Work instructions =>
Beginning with the line that contains "- 【Great Quality】: B&Qaugen", retype the entries below exactly, ending with the line that contains "近日,有消息稱(chēng)". Leave out any pictures.

Collected data entries =>
>>>
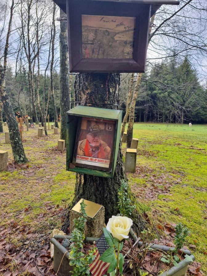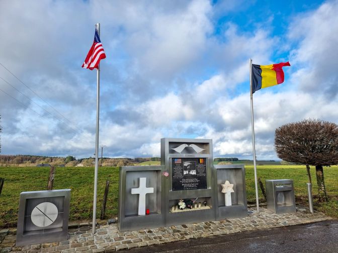 Robert Merriam was part of a special team of historians who worked for the War Department in order to make sure that the historical record of the war was properly and evenly recorded, warts and all. Naturally, they were received with some suspicion. When your job and duty are to kill other human beings, you want to be cast in the best light possible. The American public latched onto Bastogne, because they were fed “line after line of newsprint” about the “bravery of our boys in Bastogne”2. Bastogne accounted for about 3000 out of 80000 American casualties in the Battle of the Bulge. Merriam seemed to be trying to caution us already within a couple years after the war ended not to forget or dismiss the other 77000. The Band of Brothers are now pop culture, even among non-Americans. I admit when I walked through the forests around Bastogne or when I passed through the village of Foy, I was thinking of that show and connecting it to the experience. Yet recalling Merriam’s words and witnessing the way the memorial of a nurse in the 107th was the most decorated memorial in the Bois de la Paix, it reminds me to broaden my reflections and appreciate the legacies that carry on today by some unseen benefactors who have thought to put flowers next to Lt. Ruth Puryear’s stone in this quiet far corner of Belgium. Bastogne will always pass through my consciousness as a road sign, but in reality it is people, voices, stories, and histories that continue on in lives that have been touched by the sacrifices that were made and that captivate people like myself to come and seek them out.
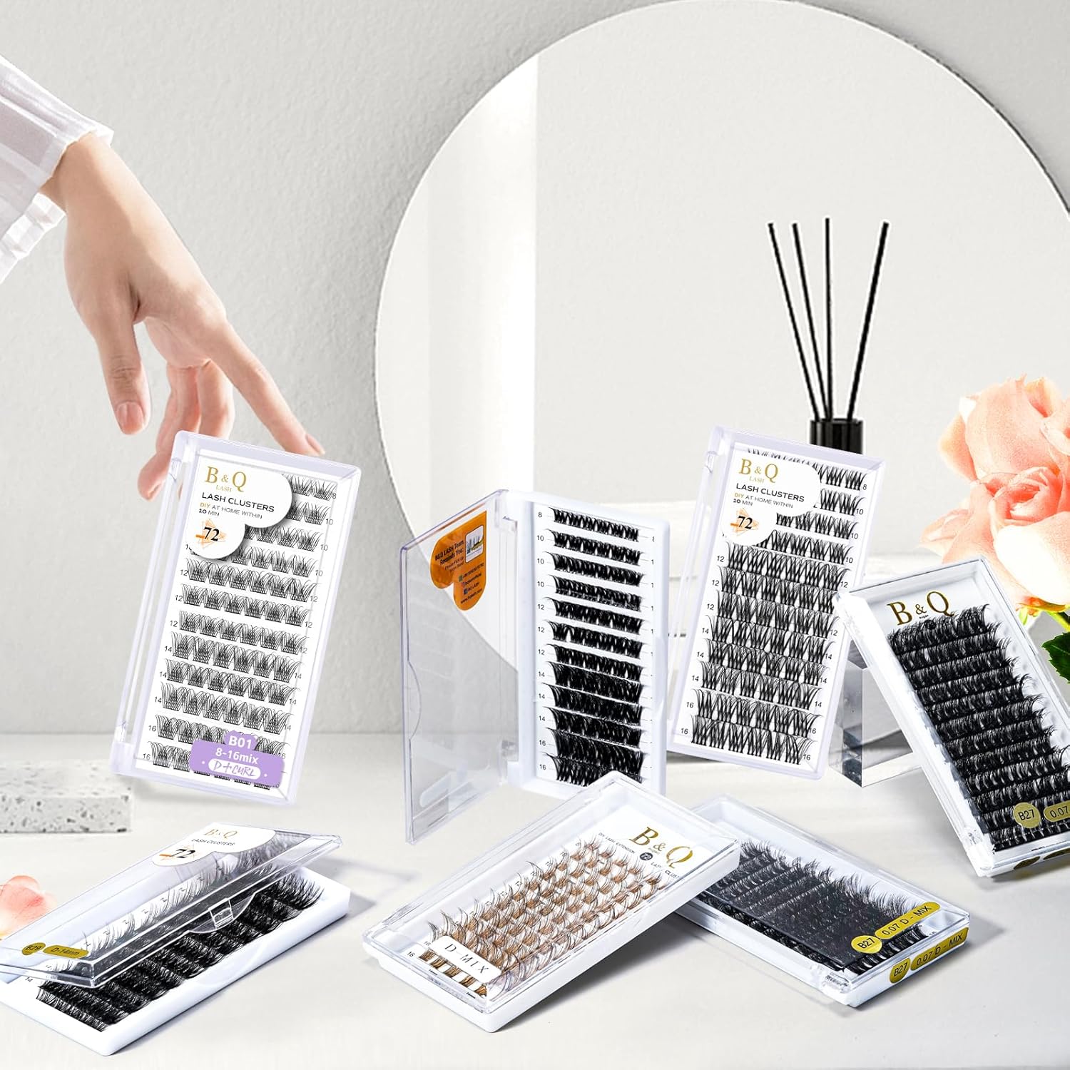 - 【Great Quality】: B&Qaugen cluster lashes look real, not plasticky, gorgeous results, and lash clusters do not easily fall apart. They are reusable with proper care. Easy to take off and these individual eyelashes will not be broken when getting them off the backing with tweezers. The lash clusters last for weeks. Soft, lightweight, vegan, knot-free, and matte dark.
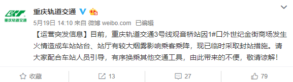 近日,有消息稱(chēng)因出現疑似病例,重慶軌道交通3號線(xiàn)觀(guān)音橋站被封。對此,5月19日14時(shí),重慶市軌道交通(集團)有限公司@重慶軌道交通回應稱(chēng),目前,重慶軌道交通3號線(xiàn)觀(guān)音橋站因1#口外世紀金街商場(chǎng)發(fā)生火情造成車(chē)站站臺、站廳有較大煙霧影響乘客乘降,現已臨時(shí)采取封站措施。????
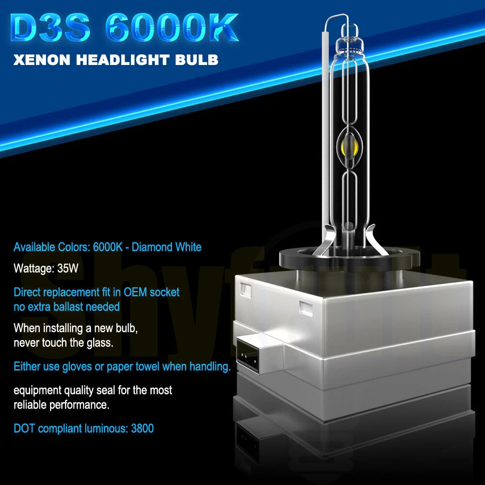 Note: wholesale!!! Products can be wholesale!!! If you have any needs, please send us a message to contact us. Information: a)Compatible List can not show up all Car model. Please check the Correct item size of your vechicle. it will work and fit.Thank you! b)If you are unsure the item fit or not , please do remember send message to tell us your car make, model, year and other information which is helpful to check the item fit or not. For example: For 2004 Ford F 150, high/low beam For 2015 RAM 1500 with projector-type, high beam For 2019 Ford F 150 ,XL Crew Cab Pickup 4-Door 2.7L Specification: Low power consumption and long lifespan Waterproof and dustproof HID Simple to install With enhanced durability and shock resistance You can see more clearly when driving at night Enhance driving safety Color temperature:6000K-6500K Light Color: White Power: 35W/pcs Type: D1S Operating Voltage: 9-32VDC Waterproof Rate: IP 68 Iuminous Flux: 3800LM/pcs Life span: 50000 hours Body Color:Silver Working Temperature: -40℃ - +80℃ Compatibility: Car, motorcycle, electric motor car Package Includes 2pcs 35W HID Xenon Light Bulbs New and old packaging will be shipped randomly Xenon light is a real highlight for all drivers looking for high performance and stylish design packed with special features and innovative technology. In addition to many other benefits, xenon technology achieves excellent road illumination as well as individual light design. Feedback As we are honest seller,we live on feedback ,so your positive feedback and 5-star DSRs means a lot to us. We would very much appreciate it if you would leave us a 5-star positive feedback. After service Notification: If you are satisfied with our product and service please leave us a positive feedback,if there is any problem when you received the package,please feel free to contact us,we will be definitely give you a satisfying solution,when you choose the return reason .please choose the reason"i don't like it". by this option we will accept your return immediately and provide return label for full refund. the others reason to return will take both of us many troubles to handle.
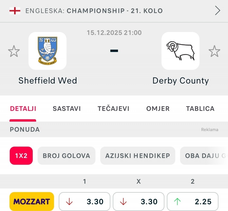 Moj tip jeste čista pobeda gosta po kvoti 2.25
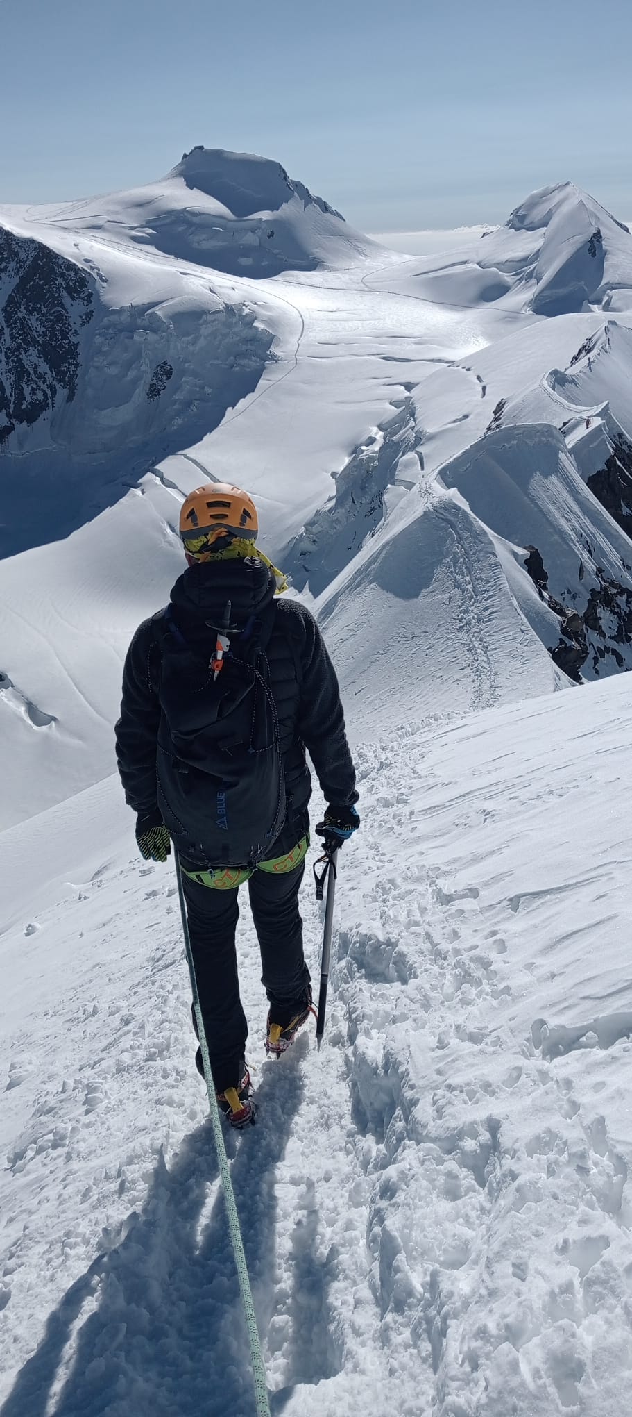 Percorsa in andata e ritorno dalla normale italiana della Dufour. Cima panoramica. Cresta finale su neve ben tracciata ma a tratti un po' esile e…
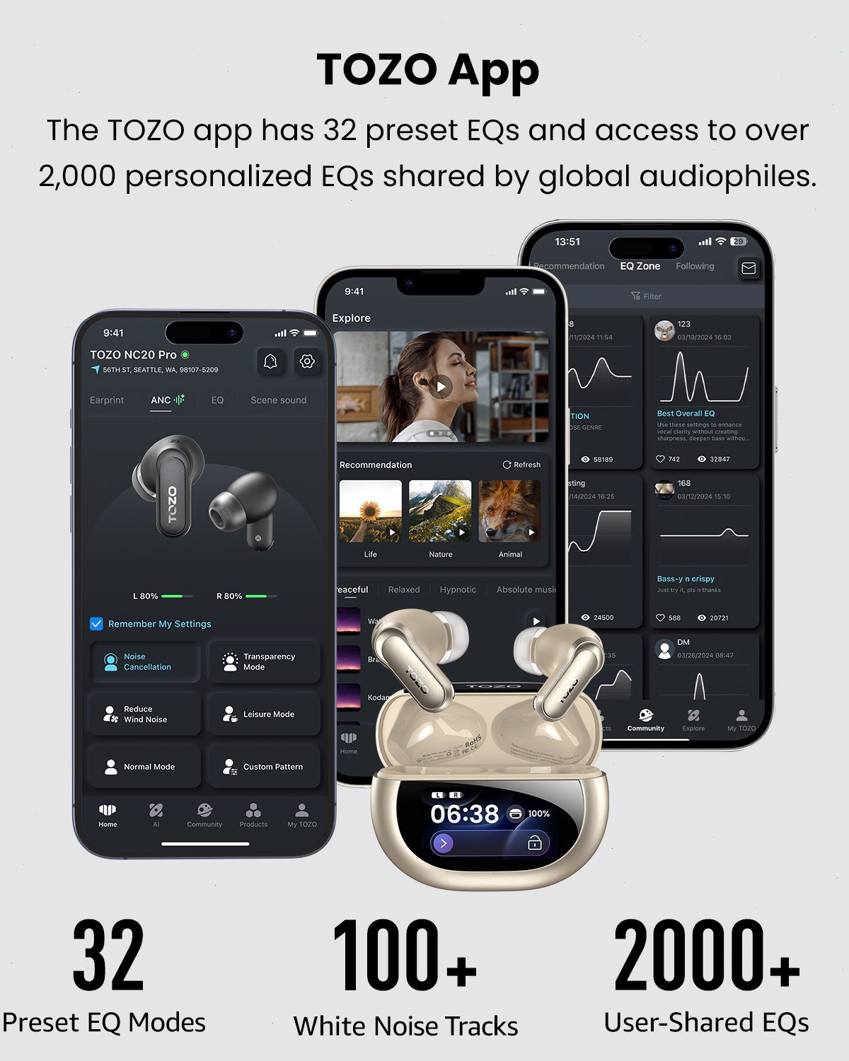 как выглядит TOZO NC20 Pro Bluetooth Wireless Earbuds with Smart Touch Screen Charger Case фото
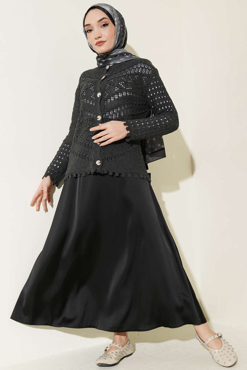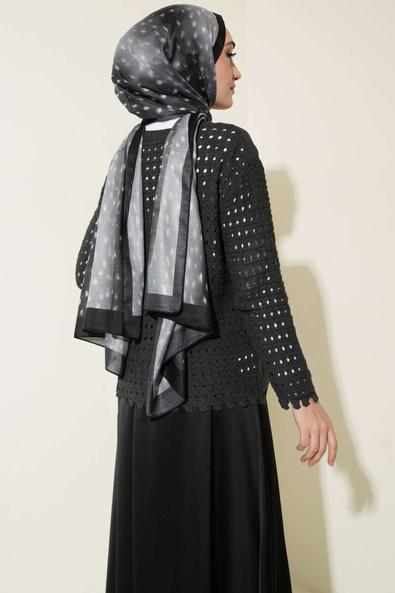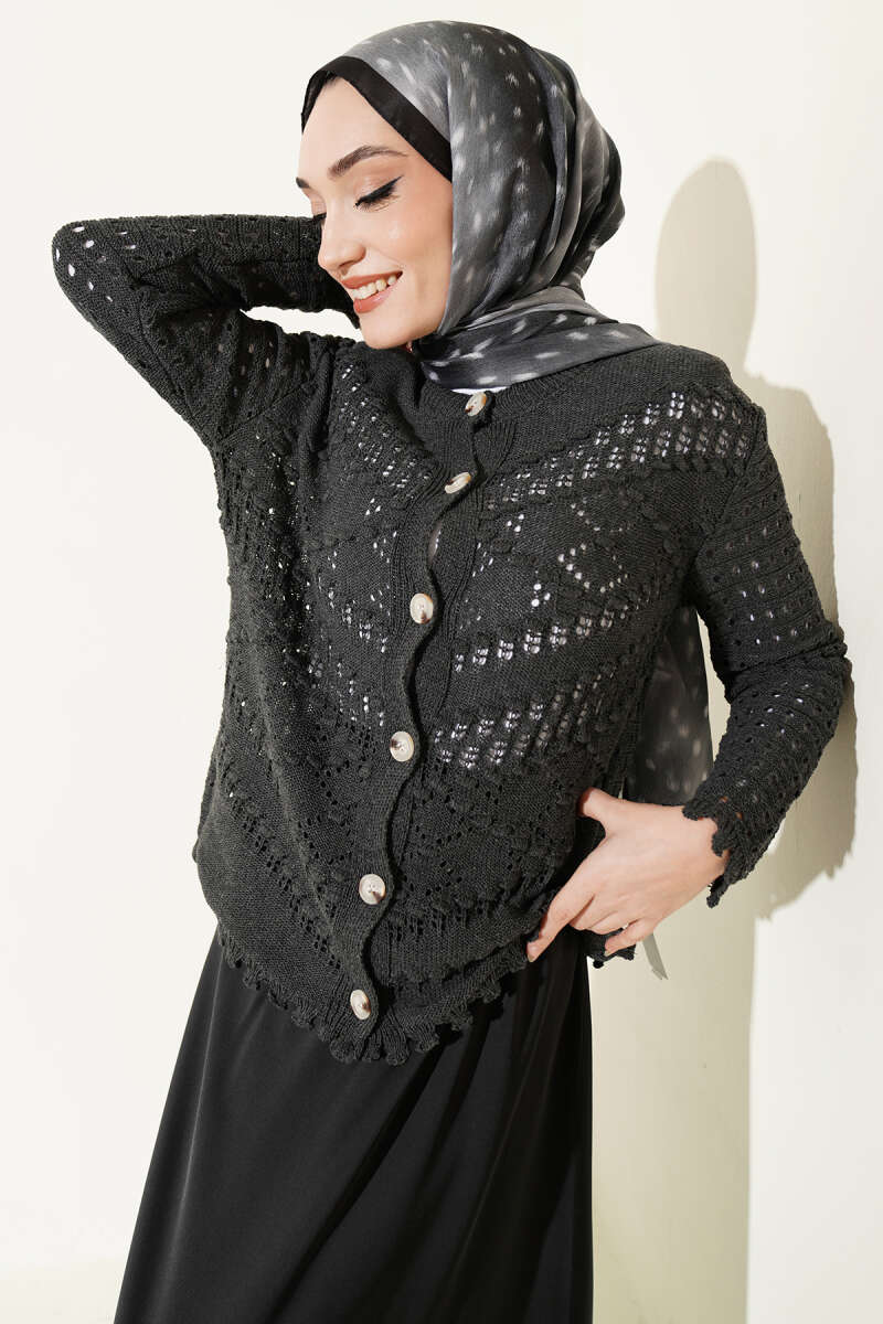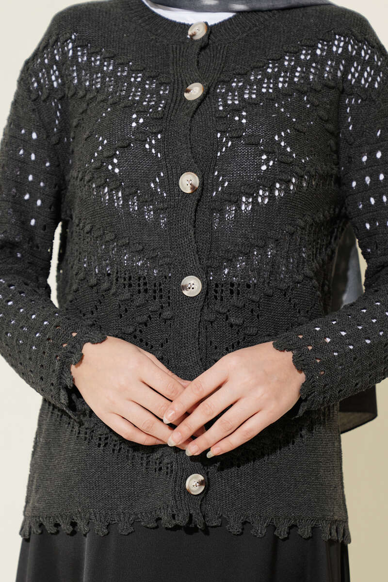 Düğmeli Kabartma Detaylı Kısa Ajurlu Hırka Füme
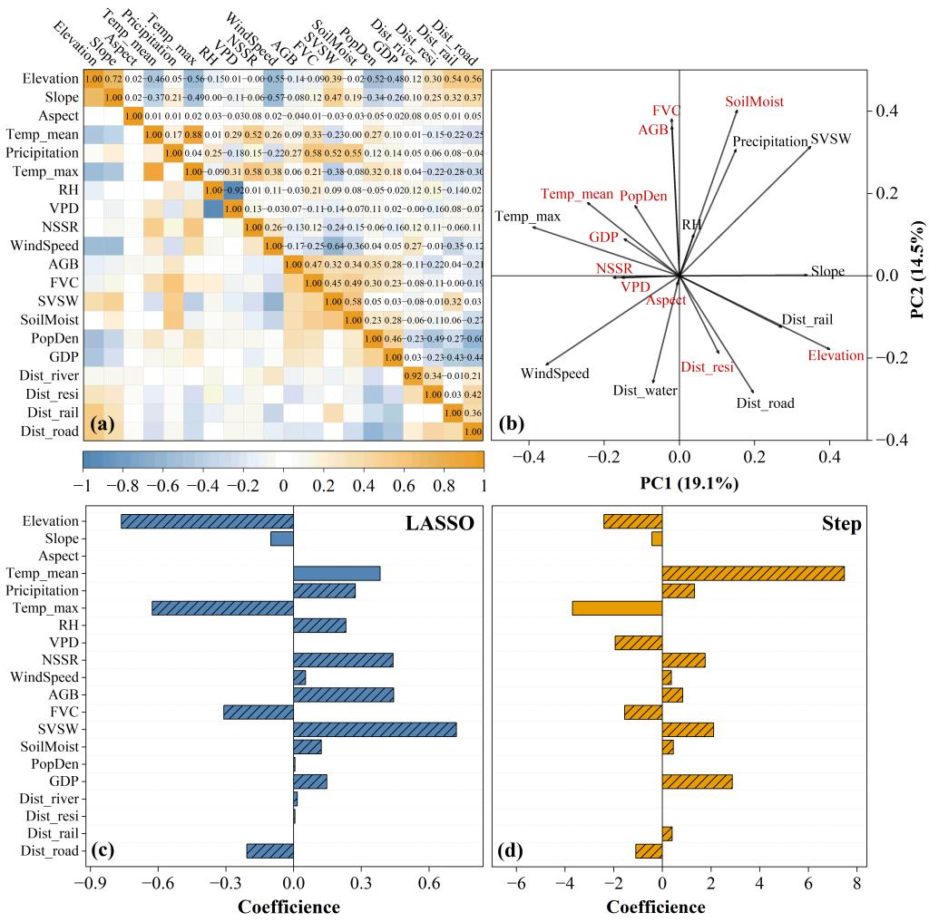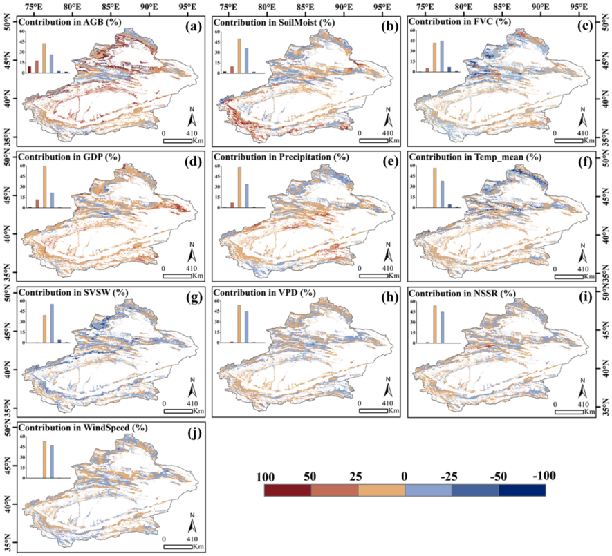 研究对比分析了多种变量筛选方法和多种机器学习模型,使用最优模型模拟 了2001-2022年新疆森林草原火灾风险的时空动态,并进一步揭示了火灾风险变化的驱动机制。研究结果表明,新疆森林草原火灾风险呈现西北高,东南低的空间分布格局,北部高风险地区火灾风险呈下降趋势,而南部低风险地区的火灾风险表现出前期风险升高而后期风险降低的趋势转变。以上特征是由气候、人类活动等多个因素共同影响的,其中地上生物量(AGB)在准噶尔盆地与塔里木盆地周边表现出强烈的正向影响,气温、降水、土壤湿度等环境因子则在对新疆南部干旱区草地生态系统中表现出显著影响。
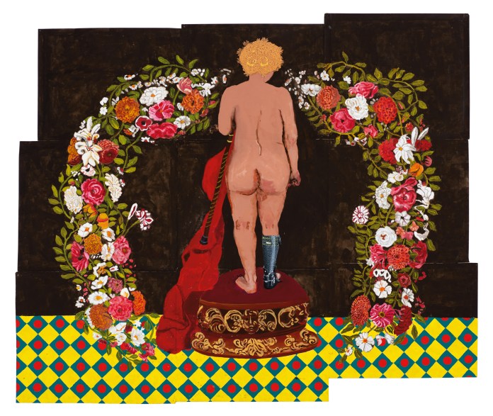 Katherine Sherwood’s work is an embodiment of her ideals as a feminist and reflect her personal experience with disability. In 1997, at the age of 44, she had a cerebral hemorrhage which paralyzed the right side of her body. Teaching herself how to paint again using her non-dominant hand was part of her healing process. Her recent Brain Flowers series of mixed media paintings on the reverse of antique art historical prints include collages of cerebral angiograms of her own brain. As part of her mission to bring attention to underrecognized women painters, Sherwood repaints vanitas paintings by 17th century Dutch and Baroque women artists, in which still lives with fading flowers suggest the brevity of life and the vanity of earthly achievements. Sherwood was born in New Orleans, Louisiana in 1952. She received a BA from the University of California, Davis, in 1975, and an MFA from the San Francisco Art Institute in 1979.
<<<
Written solution =>
 - 【Great Quality】: B&Qaugen cluster lashes look real, not plasticky, gorgeous results, and lash clusters do not easily fall apart. They are reusable with proper care. Easy to take off and these individual eyelashes will not be broken when getting them off the backing with tweezers. The lash clusters last for weeks. Soft, lightweight, vegan, knot-free, and matte dark.
 近日,有消息稱(chēng)因出現疑似病例,重慶軌道交通3號線(xiàn)觀(guān)音橋站被封。對此,5月19日14時(shí),重慶市軌道交通(集團)有限公司@重慶軌道交通回應稱(chēng),目前,重慶軌道交通3號線(xiàn)觀(guān)音橋站因1#口外世紀金街商場(chǎng)發(fā)生火情造成車(chē)站站臺、站廳有較大煙霧影響乘客乘降,現已臨時(shí)采取封站措施。????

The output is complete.